Mudança Mitocondrial em Macrófagos Potencializa a Imunidade Antitumoral

Os macrófagos associados a tumores (TAMs) são células imunes abundantes no microambiente tumoral que podem tanto promover quanto suprimir a progressão do câncer. Um subconjunto denominado IFN-TAMs — caracterizado pela alta expressão de CXCL9 e genes estimulados por interferon — correlaciona-se com melhor sobrevida dos pacientes e melhores respostas ao bloqueio de pontos de controle imune (ICB). No entanto, os mecanismos moleculares que direcionam a programação dos macrófagos para esse fenótipo protetor ainda eram pouco compreendidos.

Este estudo identifica NDUFA4, uma subunidade acessória não catalítica do Complexo IV da cadeia respiratória mitocondrial (citocromo c oxidase), como um interruptor funcional que governa a identidade dos TAMs. Utilizando modelos murinos de tumor, transcriptômica de célula única e ferramentas genéticas, os pesquisadores demonstram que a expressão de NDUFA4 é elevada nos TAMs pró-tumorais SPP1+ e baixa nos IFN-TAMs antitumorais CXCL9+. A deleção específica de NDUFA4 em macrófagos deslocou o panorama dos TAMs em direção ao estado IFN-TAM e reduziu o crescimento tumoral.

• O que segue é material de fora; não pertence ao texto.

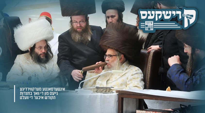 ביים משתה היין בבית הגה"צ רבי משה קאהן אבד"ק תולדות אהרן טבריה, מערקט קרישקעס דער בארימטער דף היומי מגיד שיעור הרה"ג ר' אברהם ישעי' קובלסקי שליט"א און דער שריפטשטעלער ר' יוסף מאיר האס הי"ו.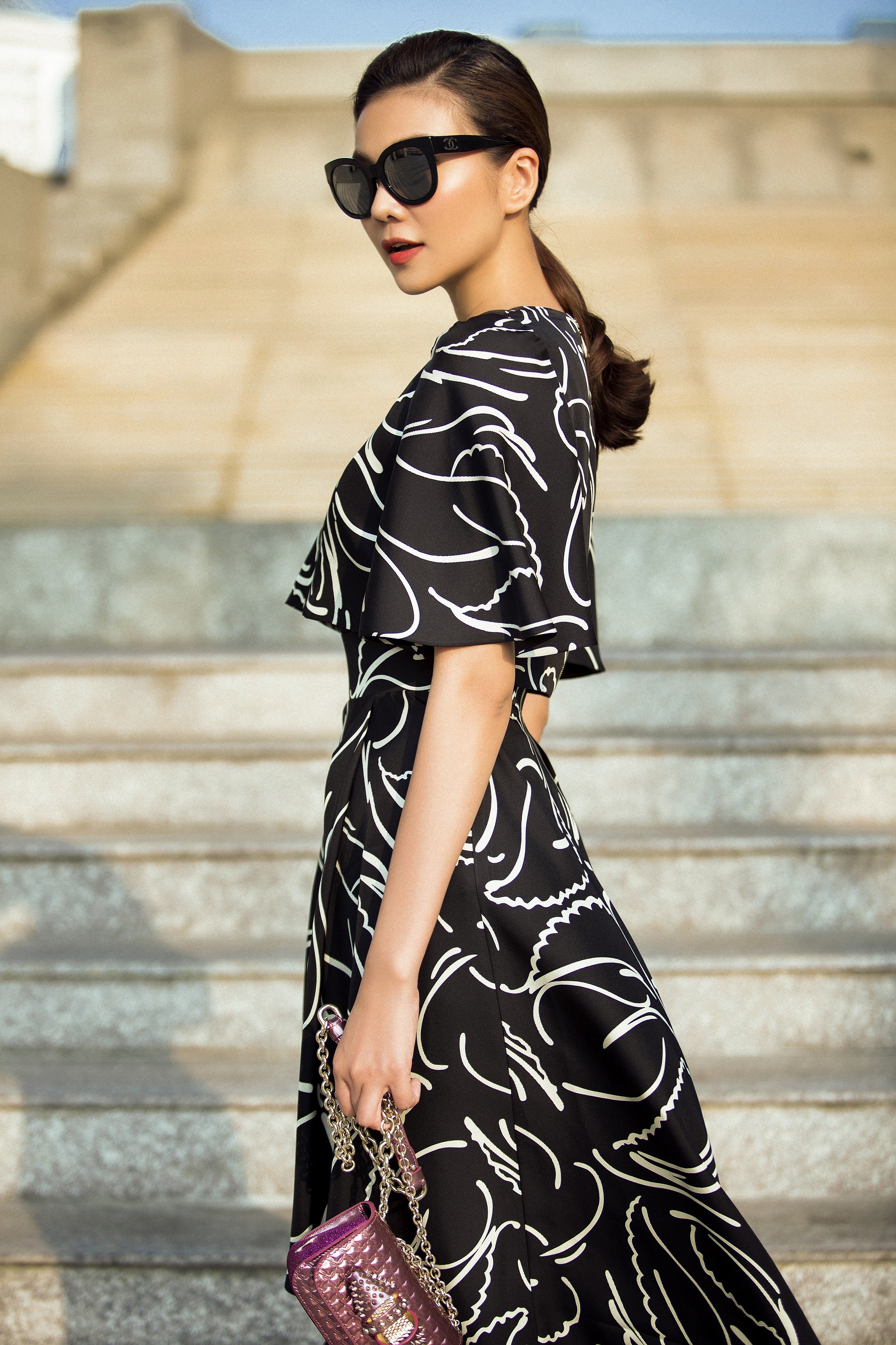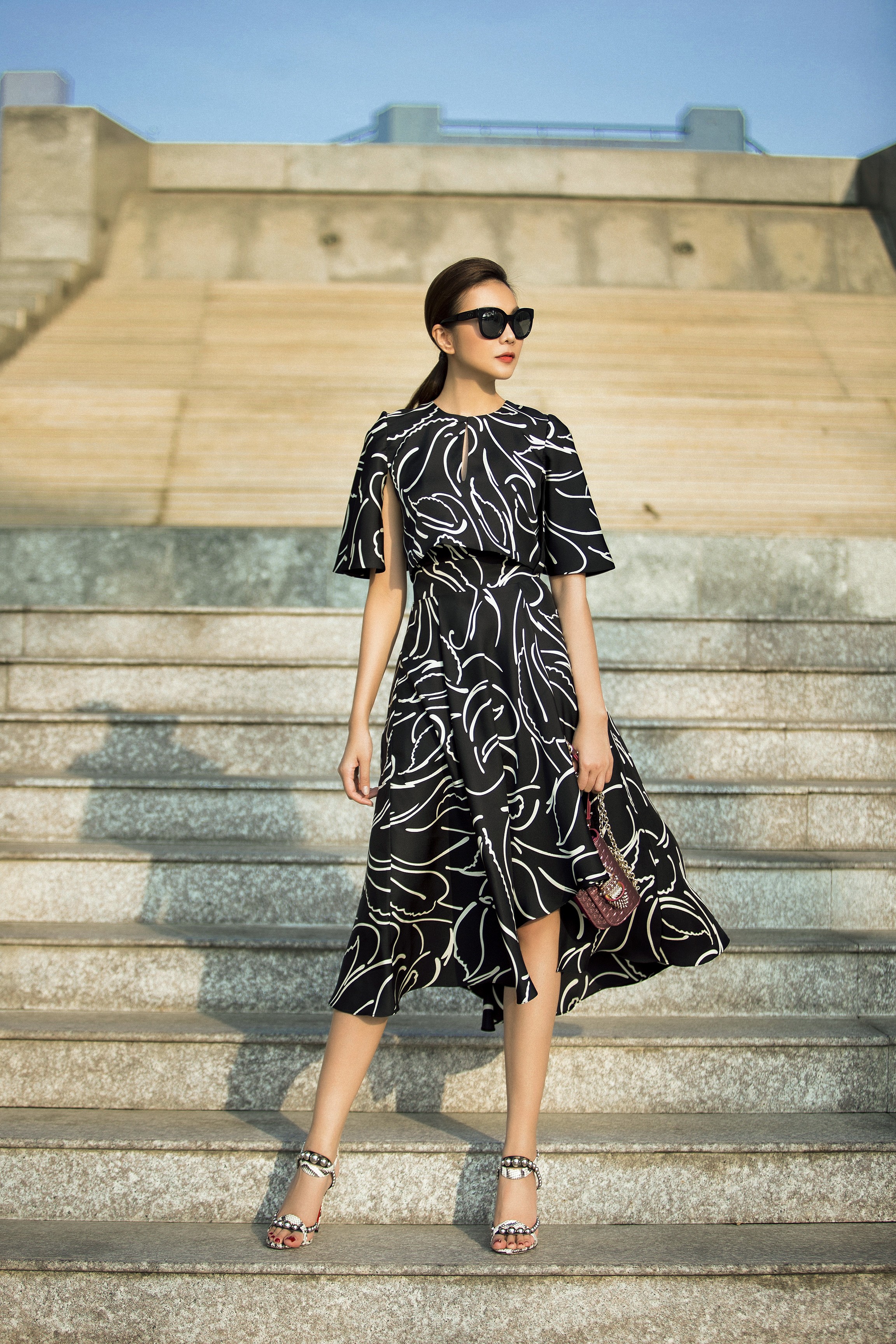 Một chiếc mắt kính đen có vẻ thô cứng nhưng lại tạo sự hòa huyện với chiếc váy. Nó xua tan nỗi lo “bánh bèo” mà các cô nàng hay lo lắng mỗi lần diện váy bồng.

Do ponto de vista mecanístico, os interferons suprimem a expressão de NDUFA4 por meio de um transcrito bifuncional conservado que codifica conjuntamente tanto NDUFA4L3 (uma molécula semelhante a RNA endógeno competitivo) quanto miR-147, um microRNA que tem como alvo direto a 3'UTR de Ndufa4. Essa repressão cooperativa remodelar o Complexo IV, promovendo o vazamento de DNA mitocondrial (mtDNA) para o citoplasma. O mtDNA citoplasmático ativa a via de sensoriamento inato cGAS-STING, que por sua vez amplifica a resposta transcricional ao interferon nos TAMs — criando uma alça de retroalimentação positiva que sustenta e expande a população de IFN-TAMs. Essa cascata aumenta a infiltração de células NK e linfócitos T CD8+, reforçando a imunidade adaptativa antitumoral.

Para traduzir essas descobertas em aplicações terapêuticas, a equipe desenvolveu terapêuticos baseados em RNA — incluindo miméticos de miRNA e oligonucleotídeos antissenso — direcionados ao transcrito Ndufa4. Esses agentes potencializaram a eficácia do ICB (anti-PD-1) e inibiram significativamente o crescimento tumoral do melanoma B16 in vivo, demonstrando uma prova de conceito para a reprogramação mitocondrial como estratégia de imunoterapia. Análises de dados humanos corroboraram ainda a conservação desse eixo em tumores humanos, com a expressão de NDUFA4 correlacionando-se inversamente com assinaturas de IFN-TAMs e com prognóstico favorável.

Essas descobertas estabelecem a remodelação do Complexo IV mitocondrial como um mecanismo até então não reconhecido que conecta o metabolismo celular, o sensoriamento imune inato e a adaptação funcional dos macrófagos no câncer. A identificação de um circuito baseado em RNA passível de ser farmacologicamente explorado (miR-147/NDUFA4L3/NDUFA4) oferece um novo alvo terapêutico para reprogramar os TAMs e potencializar as respostas à imunoterapia, com potencial relevância além do câncer, abrangendo outras doenças inflamatórias e infecciosas.